Mark & I are pleased as punch to introduce XHGui on MongoDB. Our goal was to get as close to the original feature set of the tool I worked on a few years ago (which leveraged the starting point provided by Facebook) and then to release what we had. What we’ve got now works; there’s still a good distance to go, but we think it’s far enough that we can ask for help form the community at large.

Why NoSQL?

I feel the data we’re storing lends itself well to the loose document format provided by NoSQL solutions. While it’s possible to normalize the information provided (in fact xhprof.io does just this), that’s not an approach that appeals to me. I’ve also had several colleagues comment that the only reason they had MySQL installed on a server was for this tool. My hope is that by allowing more nuanced querying and graphing, users will be able to better explore the data available.

Why MongoDB?

Tool familiarity. I’d love to see some effort to make it work with Couch or other solutions.

Features:

  • Collects XHProf data and stores it in MongoDB
  • Presents most recent calls on the home page
  • Simplified URL aggregation pages
  • Detailed run page

Warning

  • XHProf (the php extension) only records a single layer of call depth when recording performance metrics. Consider two functions A & B each call getData(), and getData() invokes mysql_query() in turn. If mysql_query() takes one second to return one time, and 1ms to return the other, the tool isn’t able to attach those values directly to the grandparent. XHProf only knows that mysql_query() was invoked by getData().

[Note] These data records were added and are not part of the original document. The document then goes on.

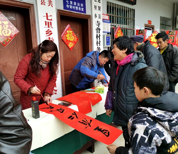 同日,市总工会还邀请了江西省书法协会书法家走进寺背村开展了“送万福、进万家”书法公益活动,共书写了200多副春联送到了村民们的手中。
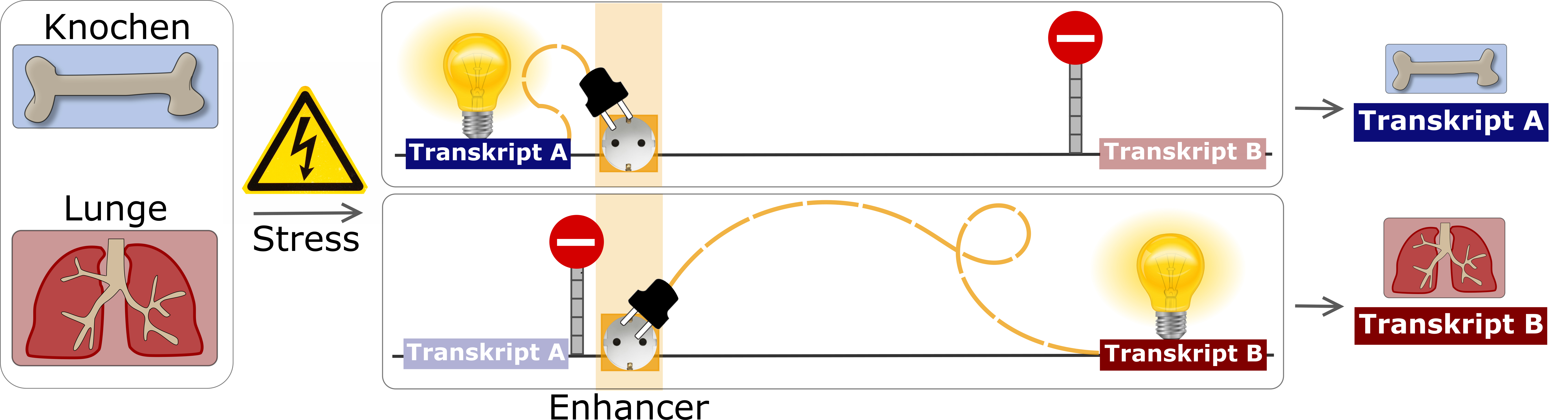 Die Freisetzung von Stresshormonen löst zahlreiche unterschiedliche Reaktionen im Organismus aus. Einige dieser Reaktionen werden durch sogenannte Enhancer reguliert. Dies sind regulatorische Regionen im Genom, die die Aktivität von Genen beeinflussen können. Wissenschaftlerinnen und Wissenschaftler am Berliner Max-Planck-Institut für molekulare Genetik (MPIMG) haben jetzt herausgefunden, dass ein einzelner Enhancer in verschiedenen Zelltypen unterschiedliche Stressreaktionen regulieren kann. Dies ist möglich, da der Enhancer in unterschiedlichen Zelltypen die Produktion von verschiedenen Gentranskripten reguliert und dadurch zelltypspezifische Reaktionen auf Stress ermöglicht.
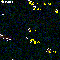 Object #1122 x,y = (2781, 3539) RA, Dec = (00:32:10.080, 18:08:55.32) = (8.04200, 18.14870) BPZ = 1.125 [0.347--1.811] type = 8.60 (SB2_B10 - SB1_B10) chisq2 = 0.08 ODDS = 0.31 z_cluster = 0.396
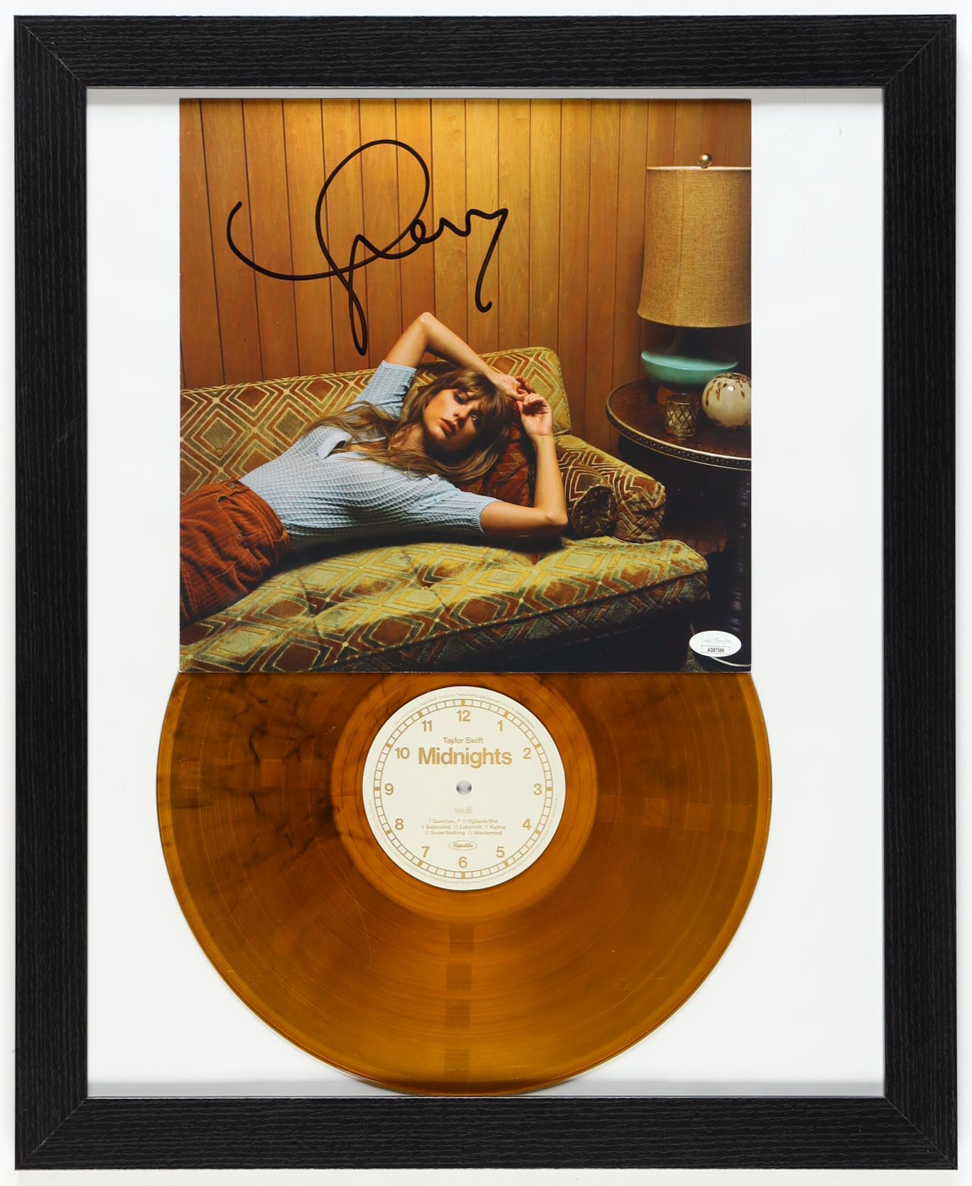 Custom frame measures approximately 18" x 22" in size. Features a "Midnights" record album insert that has been hand-signed by Taylor Swift. The display also includes a vinyl record.

In practice this doesn’t tend to matter.
  • XHProf only provides inclusive times; exclusive times can be roughly calculated (with the caveat above in mind). I haven’t tested that function thoroughly, it could be filling everyone with lies.
  • We used Twig. It seemed like a good idea, then I saw the call graphs and memory usage.
  • It does not have any sort of access control mechanism built in, we’re trusting you to handle this on your own.
  • The “Custom View” page currently doesn’t graph
  • We haven’t included a tool to manage actually recording the views. This is coming soon.

The Future

Mark and I both have interest in the tool. I’ll be using it on Where’s it Up, and other WonderNetwork sites. Our goal is to be incredibly responsive when people have suggestions, pull requests, etc. To that end we’re in the market for someone with ~two hours a week to help us out in terms of managing pull requests, cleaning up code and helping keep the ball rolling. WonderNetwork will be providing a bit of cash, so this is a paid position.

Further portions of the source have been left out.